飛びトカゲが言う、俺の心を乱すと思ったら。

それは少し悲しいな。

「別れるというか、そんな相手だと分かったら気持ちが冷めるだろうな」

「好きという気持ちは、そんな簡単に割り切れないだろう?」

障害があればあるほど燃えるというし。

まぁ、経験をした事が無いので、小説やドラマの受け売りだけど。

「ははっ。あの子供達が、そんな甘い考えを持つと思うか?」

甘い考え?

「子供達は、何を一番大切にすべきなのか分かっている。その大切な者のために、何を切り捨てるのかも」

大切な者とは、俺の事だよな。

つまり俺のせいで、好きになった者を切り捨てる?

やっぱり俺のせいで別れるという事か。

凄くショックだ。

「主が気にする事ではない。
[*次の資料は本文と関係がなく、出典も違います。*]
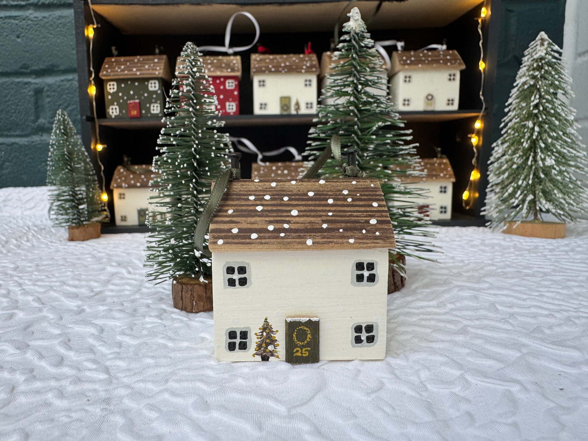 Pretty snowy cottage to hang on your tree. They’re handmade and can be painted in any colour. Tiny snowflakes and a door wreath set the scene for a beautiful, white Christmas!
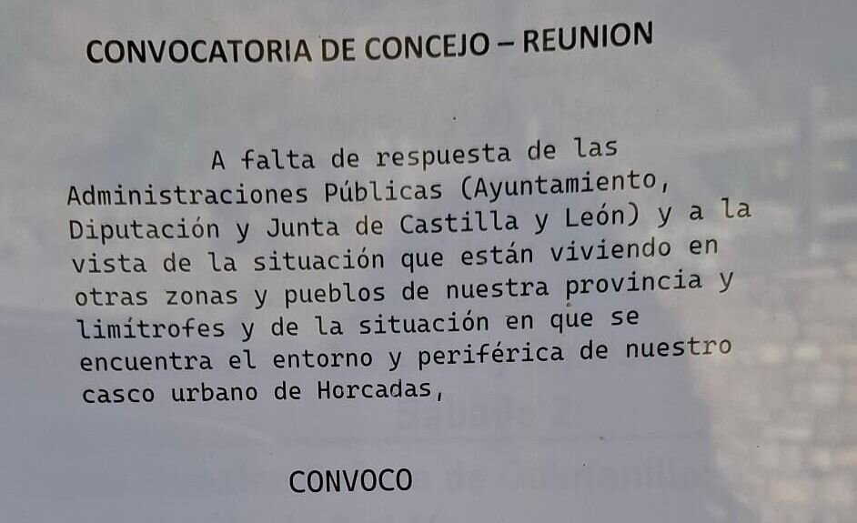 Así, Fernández no ha dudado en realizar la llamada a concejo, vía bando, explicando que "ante la falta de respuesta de las Administraciones Públicas (Ayuntamiento, Diputación y Junta de Castilla y León) y a la vista de la situación que están viviendo en otras zonas y pueblos de nuestra provincia y limítrofes y de la situación en la que se encuentra el entorno y periférica de nuestro casco urbano en Horcadas (sic)", se convoca "a todos los vecinos a una reunión para analizar y tomar las decisiones que se consideren más oportunas y más urgentes en relación a las acciones a realizar para mitigar todo lo posible el peligro del fuego en las viviendas y casco urbano en general".
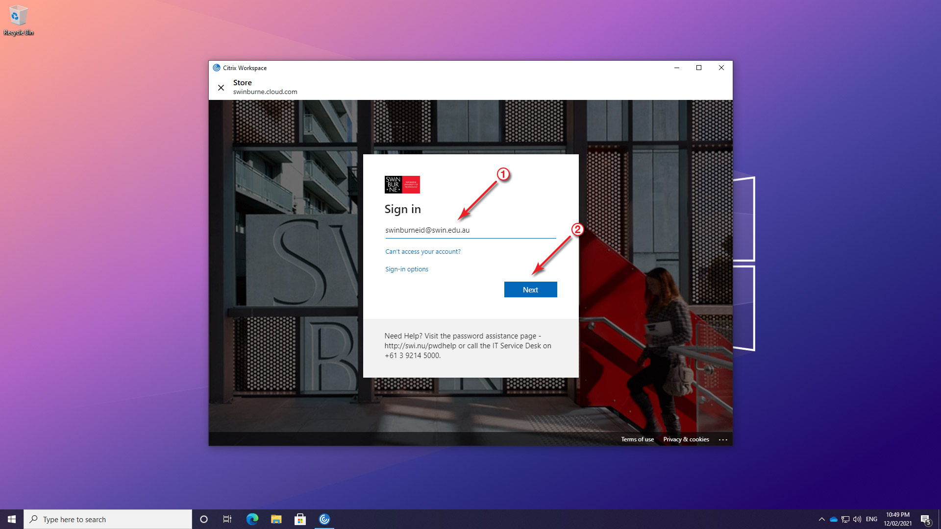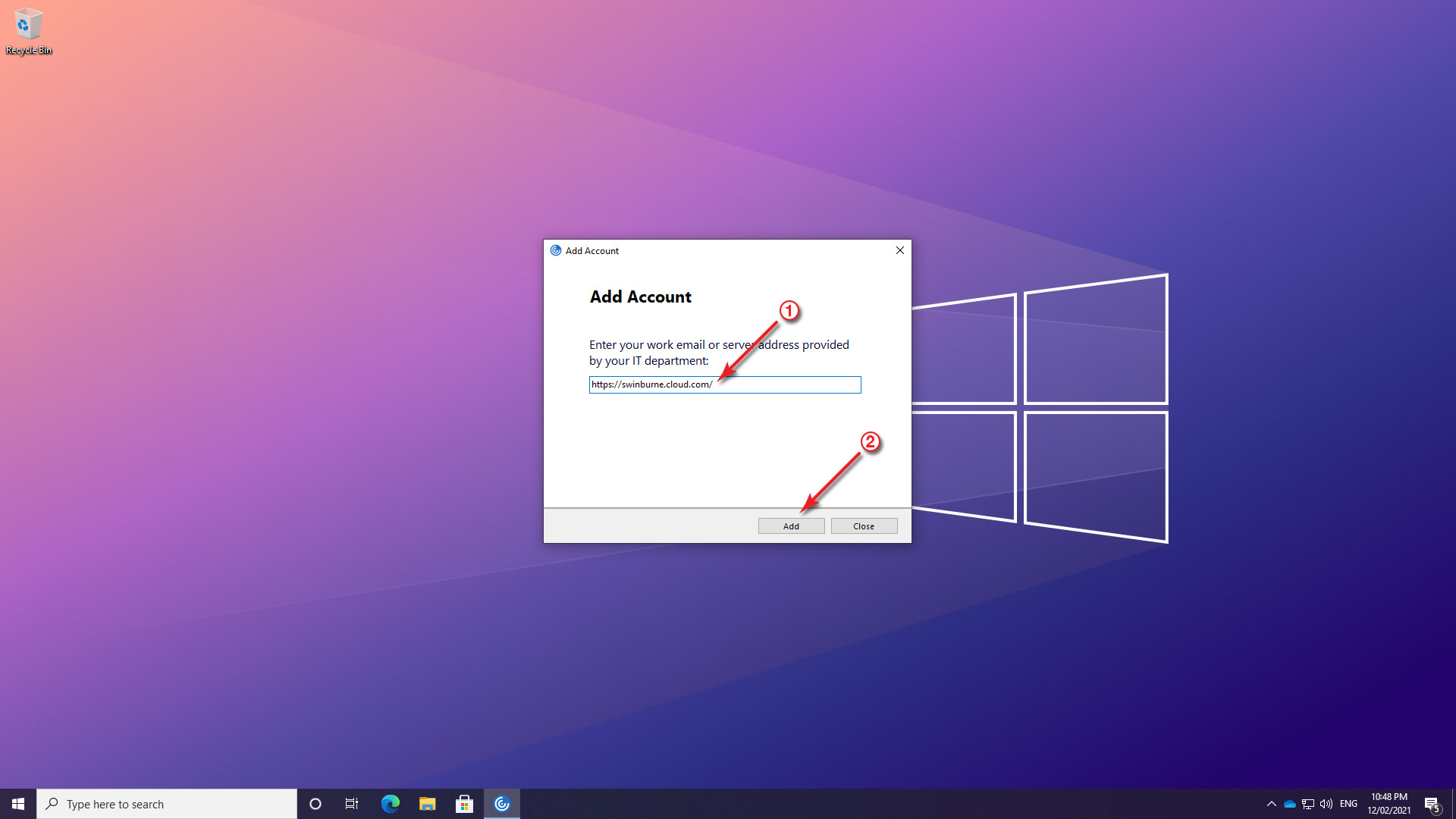 In the field provided, type https://swinburne.cloud.com/ and click on the Add

彼等が自分達で決めた事だ」

まぁ、そうなんだけど。

俺のせいで、色々諦めては欲しくないな。

「相手に問題があっても好きなら、ここに連れてこなければいいだけだ」

……んっ?

あれ?

ここでずっと一緒に生活しようと言ったかな?

別に独り立ちをしてくれていいんだけど。

家庭を持ったら、相手の家族の傍に家を持ってくれてもいいし。

それで時間が空いた時に、たまに顔を見せてくれれば。

「それぞれに家庭を持ったら、好きな場所で生きてくれていいんだけど」

「それを彼等に言ったら、拗ねるぞ」

「えっ?」

飛びトカゲの言葉に首を傾げる。

「あの子達は、主を守れるようになるために頑張っているんだから」

そう言えば、俺を守れる存在になりたいと言っていたな。

俺を守るか。

何時か、俺より優先したいと思える人を見つけてくれればいいな。